Turquie, Syrie : quelles alternatives aux régimes politiques en place ? (II)

Syrie : quelles alternatives à Bachar El Assad

André Métayer – La situation en Syrie se complique de jour en jour.

Eyyup Doru – L’intrusion dans le conflit armé contre Bachar El Assad de différents groupes d’opposition liés à Al Qaida complique la situation. L’opposition à Bachar El Assad reste, à ce jour, très divisée et la présence en Syrie de groupes radicaux islamistes rend encore plus aléatoire une issue politique. La situation est également marquée par une avancée des forces militaires gouvernementales dans des provinces et dans des villes dont elles ont repris le contrôle. Les régions contrôlées par les Kurdes font exception grâce aux “unités de défense populaire” (HPG) du Parti de l’Union démocratique (PYD), mises en place pour les protéger d’incursions en provenance tant de la Syrie et que de la Turquie.

A Alep – près de 2 000 000 habitants dont 600 000 Kurdes – les affrontements sont importants. La ville est écartelée en quatre secteurs, tenus respectivement par les Kurdes, les forces militaires gouvernementales et l’opposition qui elle-même se divise en deux : l’Armée syrienne Libre (ASL), d’une part, et les groupes liés à Al Qaida, d’autre part. Les forces militaires kurdes défendent les quartiers kurdes contre des attaques des forces gouvernementales. EIles s’opposent aussi à l’Armée syrienne Libre et aux groupes islamistes quand ils tentent de pénétrer dans les zones qu’elles contrôlent. Par ailleurs, l’Irak essaie de créer une deuxième force militaire, ce qui ajoute à la complexité de la situation.

AM – Le problème des réfugiés est crucial.

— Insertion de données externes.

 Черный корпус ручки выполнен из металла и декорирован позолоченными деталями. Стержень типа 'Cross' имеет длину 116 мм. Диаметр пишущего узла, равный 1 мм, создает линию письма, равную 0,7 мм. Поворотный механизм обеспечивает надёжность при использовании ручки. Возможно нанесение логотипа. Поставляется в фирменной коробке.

ED – De nombreuses familles fuient les zones de combat et tentent de trouver refuge dans les régions et les villes kurdes. L’accueil de près de 750 000 personnes crée de graves problèmes économiques et d’approvisionnement, aggravés par le fait que la Turquie et l’Irak ont fermé leurs frontière. De plus, aucune aide internationale ne parvient dans ces régions.

AM – Sur le plan international, même si toutes les grandes puissances, à l’exception de la Russie, appellent au départ de Bachar El Assad et au soutien à l’opposition syrienne, aucune pour le moment n’envisage une intervention militaire directe.

ED – Elles sont confrontées les une et les autres à une réalité politique d’envergure : quelle alternative au départ de Bachar El Assad ? L’expérience de l’Afghanistan, de l’Irak et plus récemment de la Libye, démontre qu’il ne suffit pas de renverser le pouvoir en place pour que se construise une société démocratique. Le soutien du Qatar et de l’Arabie Saoudite à la rébellion syrienne n’est pas dans ce domaine un gage pour qu’émerge une Syrie démocratique. À noter qu’au début du conflit, la position de l’Union européenne était singulièrement anti-kurde au motif que les Kurdes refusaient de combattre l’armée de Bachar Al Assad. Mais au fur et à mesure que le conflit s’enlise, au risque d’une dangereuse déportation des violences confessionnelles (chiites-sunnites) vers les pays voisins, certains responsables occidentaux commencent à voir les Kurdes sous un autre angle. C’est dans cette situation complexe que les Kurdes tente de construire une autonomie démocratique dans les zones qu’ils contrôlent tout en réclamant de la Syrie une intégration de toutes les communautés.